What is required: Keep the lines exact and the pictures out as you repeat the following listing.

Data segment:
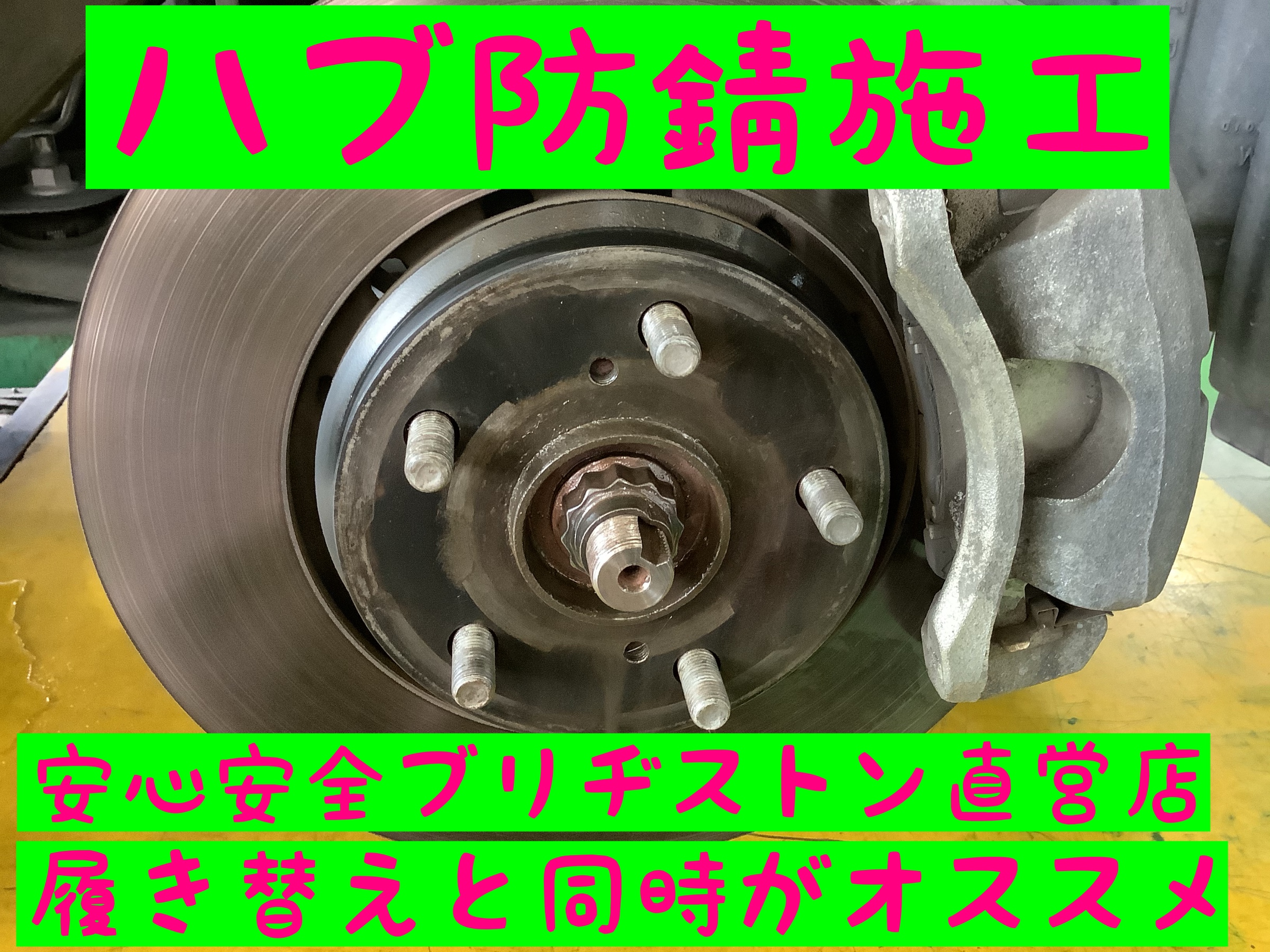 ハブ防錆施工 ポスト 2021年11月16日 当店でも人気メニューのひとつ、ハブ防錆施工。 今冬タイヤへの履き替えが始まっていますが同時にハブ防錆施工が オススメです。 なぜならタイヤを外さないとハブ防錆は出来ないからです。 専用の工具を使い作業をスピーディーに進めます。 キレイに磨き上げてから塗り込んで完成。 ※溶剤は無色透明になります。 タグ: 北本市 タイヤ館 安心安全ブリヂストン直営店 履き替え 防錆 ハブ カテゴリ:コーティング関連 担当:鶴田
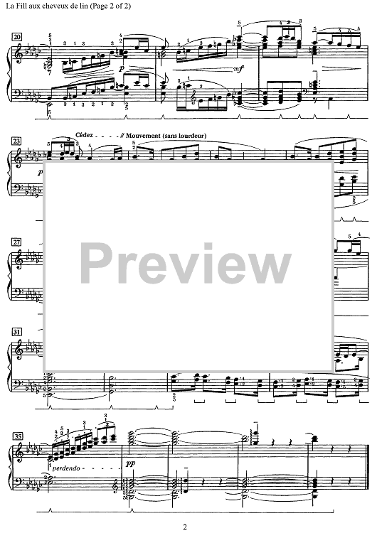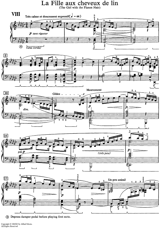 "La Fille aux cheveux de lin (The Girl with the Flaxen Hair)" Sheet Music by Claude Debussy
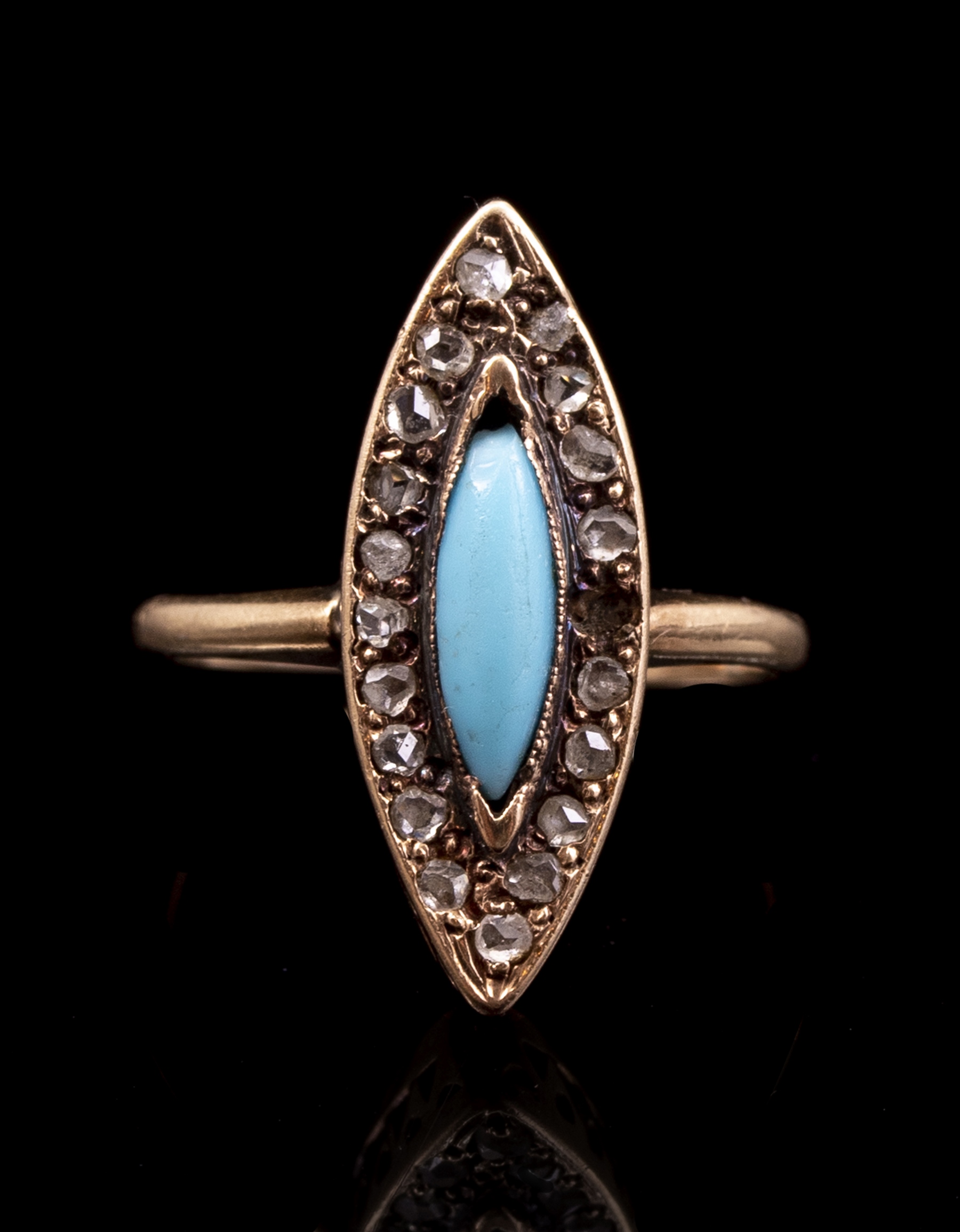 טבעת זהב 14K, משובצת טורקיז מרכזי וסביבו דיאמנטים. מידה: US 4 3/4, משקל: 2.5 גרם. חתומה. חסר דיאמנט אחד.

Solution to this task:
 ハブ防錆施工 ポスト 2021年11月16日 当店でも人気メニューのひとつ、ハブ防錆施工。 今冬タイヤへの履き替えが始まっていますが同時にハブ防錆施工が オススメです。 なぜならタイヤを外さないとハブ防錆は出来ないからです。 専用の工具を使い作業をスピーディーに進めます。 キレイに磨き上げてから塗り込んで完成。 ※溶剤は無色透明になります。 タグ: 北本市 タイヤ館 安心安全ブリヂストン直営店 履き替え 防錆 ハブ カテゴリ:コーティング関連 担当:鶴田
 "La Fille aux cheveux de lin (The Girl with the Flaxen Hair)" Sheet Music by Claude Debussy
 טבעת זהב 14K, משובצת טורקיז מרכזי וסביבו דיאמנטים. מידה: US 4 3/4, משקל: 2.5 גרם. חתומה. חסר דיאמנט אחד.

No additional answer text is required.